29051.fb2 Родина электричества - читать онлайн бесплатно полную версию книги . Страница 2

Родина электричества - читать онлайн бесплатно полную версию книги . Страница 2

- Хлебным спиртом, чем же, - вздохнув, сказал механик. - Гоним самогон особой крепости, тем и светим.

- А смазка? - интересовался я далее.

- Чем придется, - ответил человек. - Что сыщешь, профильтруешь через тряпку, тем и смазываешь.

- Хлеб-то жалко ведь жечь в машине, - сказал я,- не стоило бы!

- Хлеба жалко, - согласился механик. - А что сделаешь: другого газу нет.

- А чей хлеб это вы на газ переводите?

- Народа, чей же, общества, - пояснил машинист. - Собрали фонд по самообложению, а теперь берем из фонда и еще кой-откуда...

Я удивился, что крестьяне столь охотно стравляют хлеб прошлогоднего урожая в машину, когда в нынешнее лето хлеб от засухи совсем не уродился.

- Это ты народа нашего не знаешь, - медленно говорил механик, все время вслушиваясь в работу машины, от которой мы стояли теперь в удалении, у коновязи. - Раз есть нечего, то и читать, что ль, народу не надо!.. У нас в Верчовке богатая библиотека от помещика осталась, крестьяне теперь читают книги по вечерам, - кто вслух, кто про себя, кто чтению учится... А мы им свет даем в избы, вот у нас и получается свет и чтение. Пока другой радости у народа нету, пусть будет у него свет и чтение.

- Если б машину топить не хлебом, то было бы еще лучше, - советовал я. - Тогда у вас получились бы хлеб, свет и чтение.

Механик поглядел на меня и скрыто, но вежливо улыбнулся.

- Ты не жалей этого хлеба: он все равно мертвый, не едоцкий... Тут кулак у нас жил, Чуев Ванька, - он с белыми всем семейством ушел, а хлеб зарыл в дальнем поле. Так мы его хлеб с товарищем Жареновым целый год искали, а когда нашли, так зерно уже задохнулось и умерло: на еду оно тухлое, на семена вовсе негоже, а на спирт, на вредную химию эту оно пойдет. А ведь там сколько ж было, да пудов без малого четыреста! А фонд по самообложению и взаимопомощи мы еще не трогали: как был, так и есть двадцать пудов.
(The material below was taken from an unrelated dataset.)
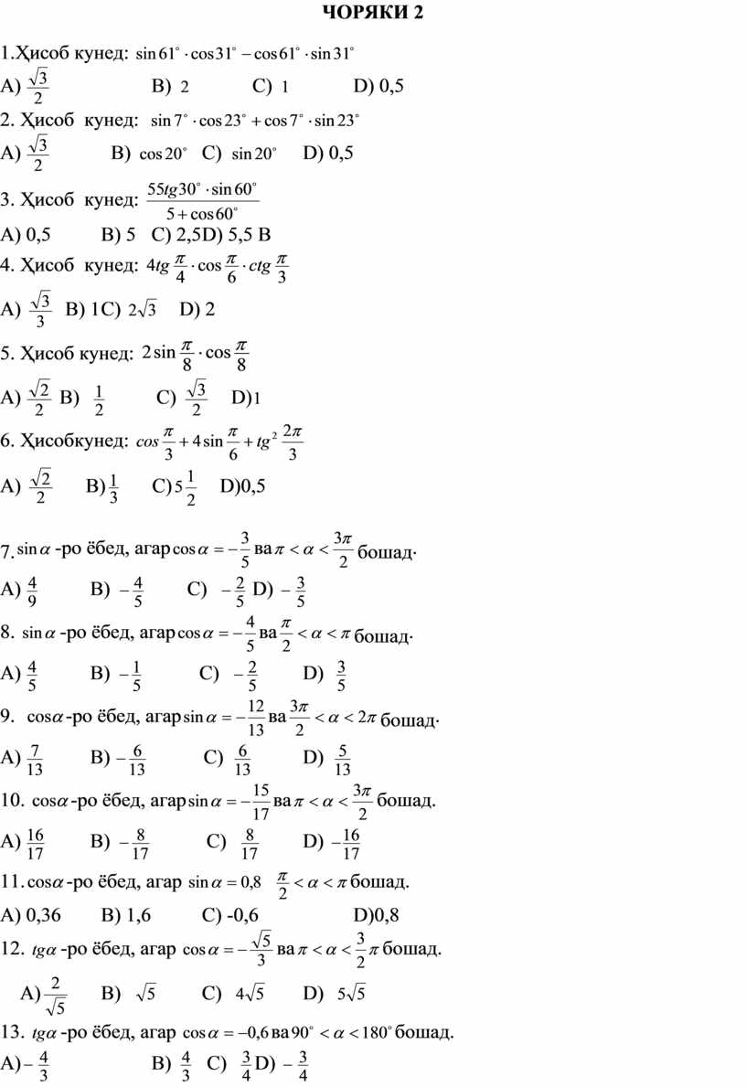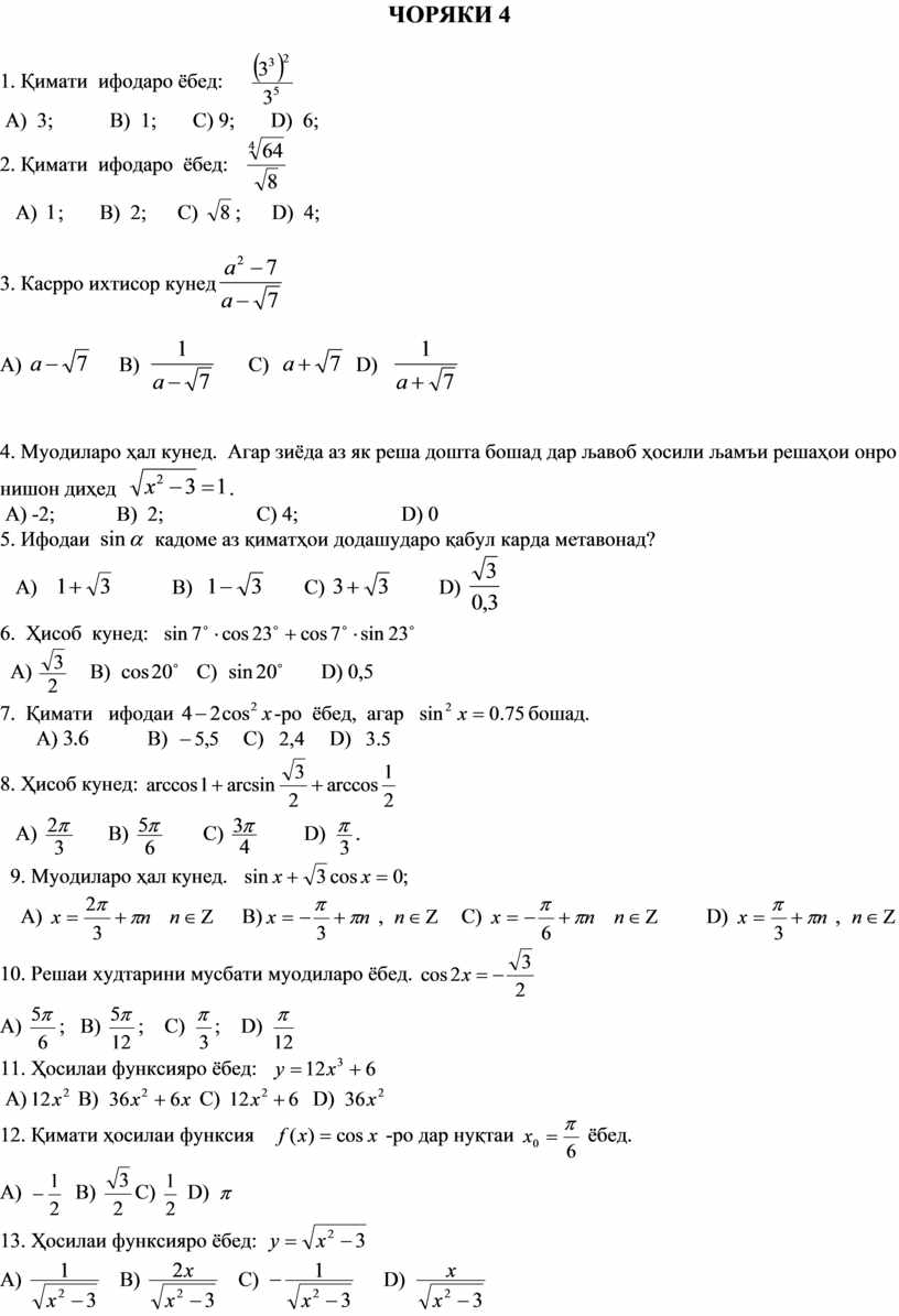 ТЕСТИ АЛГЕБРА СИНФИ 10

Наш председатель оттуда крошки тебе не подарит, пока и вправду с голоду не опухнешь. Да ведь иначе и нельзя, а то...

И здесь механик прервал свою речь и бросился к электрической станции, потому что ремень соскочил со шкива динамо-машины.

Я же направился к деревне Верчовке.

На околице деревни сильно и безостановочно дымила печная труба, и я пошел в ту избу, которая столь жарко топилась в летний день. Изба, судя по двору и воротам, была выморочная или бесхозная. Ворота заросли, на дворе поселился жесткий зачумленный бурьян, терпящий одинаково и жару, и ветры, и ливневые потоки и выживающий всегда.
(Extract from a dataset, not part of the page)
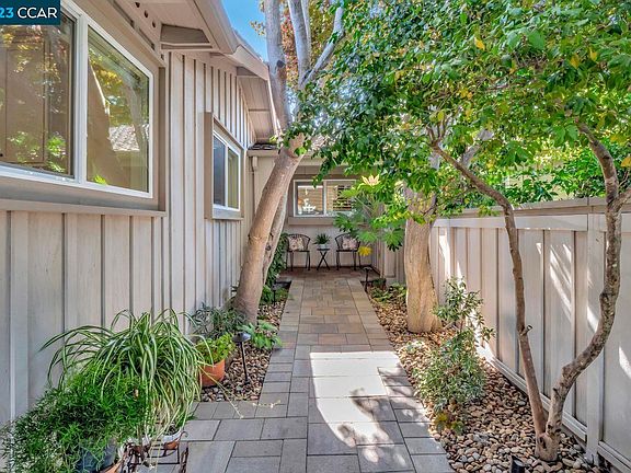 A beautifully landscaped pathway guides you to the front entrance of this enchanting home.You will love the light bright and spacious feeling of this open concept home. Every inch of this single story home has been updated, including a versatile "bonus" room/home office with built-in custom cabinetry as well as three large bedrooms. Gorgeous LVP flooring has been recently installed—fresh paint throughout the home with vaulted ceilings and recessed lighting in the living room. The kitchen features granite countertops, a gas cooktop, breakfast bar and stainless-steel appliances. The spacious primary suite also has vaulted ceilings, ample customized closet space, and a second slider to the patio. Enjoy gorgeous views from your private patio as you sip your favorite beverage. There's a community pool right down the street, or join the club for more options, including tennis, golf, pickleball, exercise classes, and the fantastic clubhouse restaurant! This gated community with 24-hour security is conveniently located between Downtown Danville, San Ramon City Center, Blackhawk Plaza, and I680. This is your opportunity to experience refined California living within the vibrant, friendly community of Crow Canyon Country Club!

Внутри избы я увидел печь, и в нее был вделан самогонный аппарат. Печь топилась корневищами, а у исходной трубки аппарата сидел на табуретке веселый, блаженный старик, освещенный пламенем, с кружкой в правой руке и с куском посоленной картошки в левой: старик, должно быть, ожидал очередного выхода безумной жидкости, чтобы попробовать ее - годится ли она для горения в машине или слаба еще. Собственный желудок и кишки старика дегустатора были прибором для испытания горючего.

Я вышел во двор избы, чтобы увидеть электрическую линию, потому что на улице ее не было. Линия шла через дворы, крючи изоляторов были укреплены в стенах надворных построек, в редких ветлах или просто были завинчены в большие, нарощенные один на другой колья плетня, и оттуда уже шли местные ответвления проводов в жилые горницы и дворовые службы. В этой местности, лишенной леса, нельзя было найти столбов для устройства обычной уличной сети. И с хозяйственной, а также с технической точки зрения подобное решение вопроса электропередачи было единственно возможное и правильное.

Однако, опасаясь пожара от неправильной проводки воздушной линии, я пошел по дворам, перелезая через плетни и слеги, огораживающие соседские владения, и всюду осмотрел снаружи подвеску и крепление магистральных проводов. Натяжка линии была хорошая, и провода нигде не проходили близко от соломы или прочих ветхих и горючих веществ, способных затлеть от нагревания их токонесущей медью.

Успокоившись насчет пожара, я нашел прохладное укромное место в тени около овина и уснул там для отдыха.

Но, еще не отдохнув как следует, я вынужден был проснуться, потому что меня кто-то толкал ногою и будил.

- Не время сна, не время спать, пора весь мир уж постигать и мертвых с гроба поднимать! - произнес неизвестный человек надо мною.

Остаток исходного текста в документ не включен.